Entries provided:
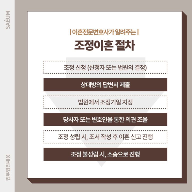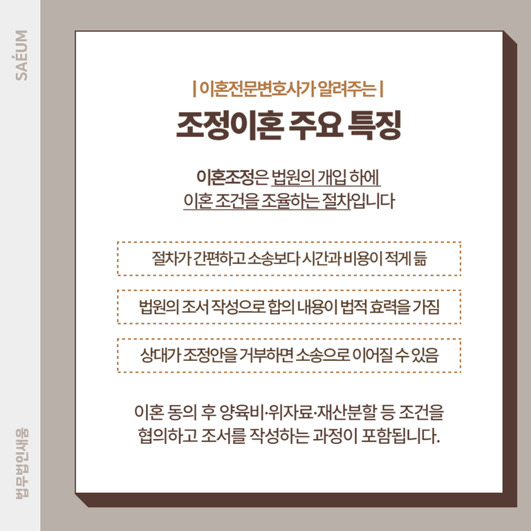 이혼조정은 협의이혼과 소송이혼의 중간 형태로, 법원의 개입 하에 이혼 조건을 조율하는 절차입니다. 이혼에 동의한 후 양육비, 위자료, 재산분할 등의 조건을 협의하고 법원 조서를 작성하는 과정이 포함됩니다.
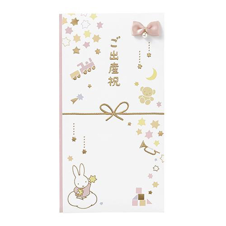 ミッフィーのかわいらしいイラストと箔押しの輝きがお祝いシーンを彩ります。
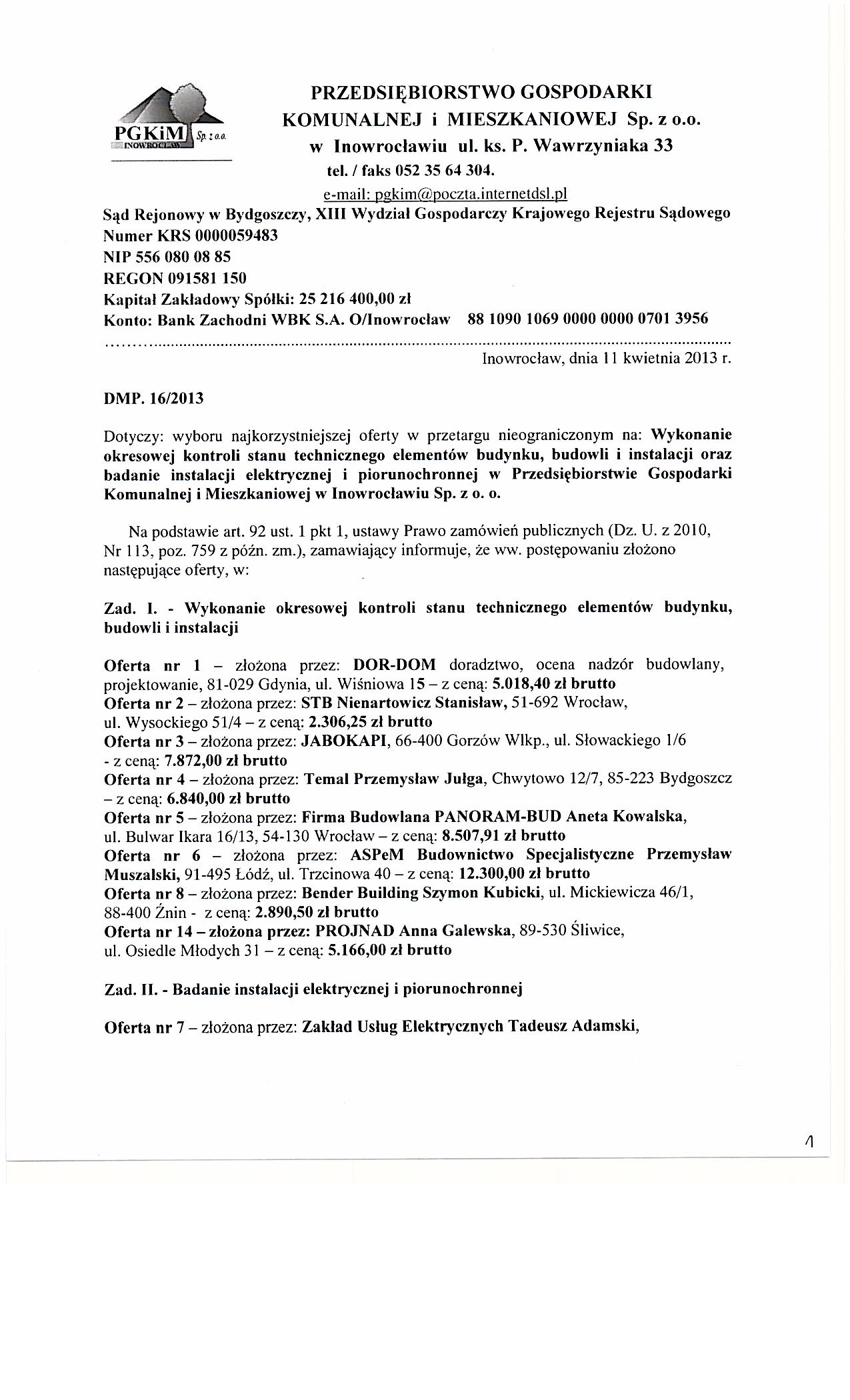 Wykonanie okresowej kontroli stanu technicznego elementów budynku, budowli i instalacji oraz badanie instalacji elektrycznej i piorunochronnej w Przedsiębiorstwie Gospodarki Komunalnej i Mieszkaniowej w Inowrocławiu Sp. z o.o.
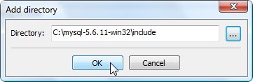 butonuna tıklayarak, bilgisayarımızdaki mysql-5.6.11-win32 dizini altında yer alan include dizinini ekleyelim ve "OK" butonuna tıklayalım:
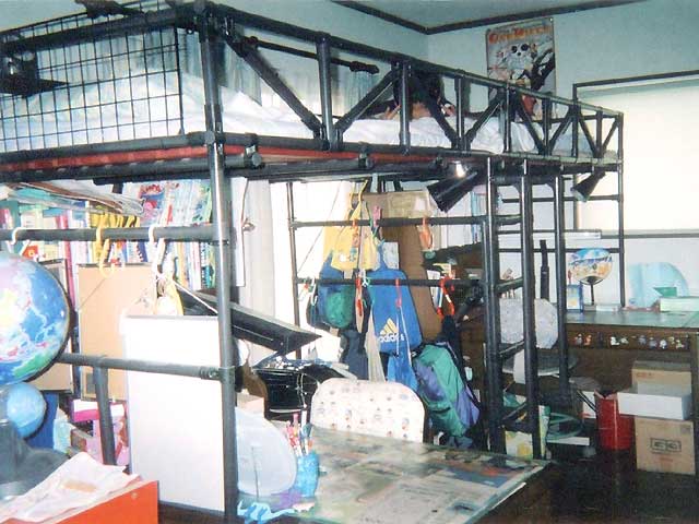 ビッグサイズのロフト型ベッド、そして下は置く・吊るす・掛ける・収納も兼ねる多目的(勉強)

Task details:
The listing above is to be written out again exactly, with its pictures omitted.

Exercise output:
 이혼조정은 협의이혼과 소송이혼의 중간 형태로, 법원의 개입 하에 이혼 조건을 조율하는 절차입니다. 이혼에 동의한 후 양육비, 위자료, 재산분할 등의 조건을 협의하고 법원 조서를 작성하는 과정이 포함됩니다.
 ミッフィーのかわいらしいイラストと箔押しの輝きがお祝いシーンを彩ります。
 Wykonanie okresowej kontroli stanu technicznego elementów budynku, budowli i instalacji oraz badanie instalacji elektrycznej i piorunochronnej w Przedsiębiorstwie Gospodarki Komunalnej i Mieszkaniowej w Inowrocławiu Sp. z o.o.
 butonuna tıklayarak, bilgisayarımızdaki mysql-5.6.11-win32 dizini altında yer alan include dizinini ekleyelim ve "OK" butonuna tıklayalım:
 ビッグサイズのロフト型ベッド、そして下は置く・吊るす・掛ける・収納も兼ねる多目的(勉強)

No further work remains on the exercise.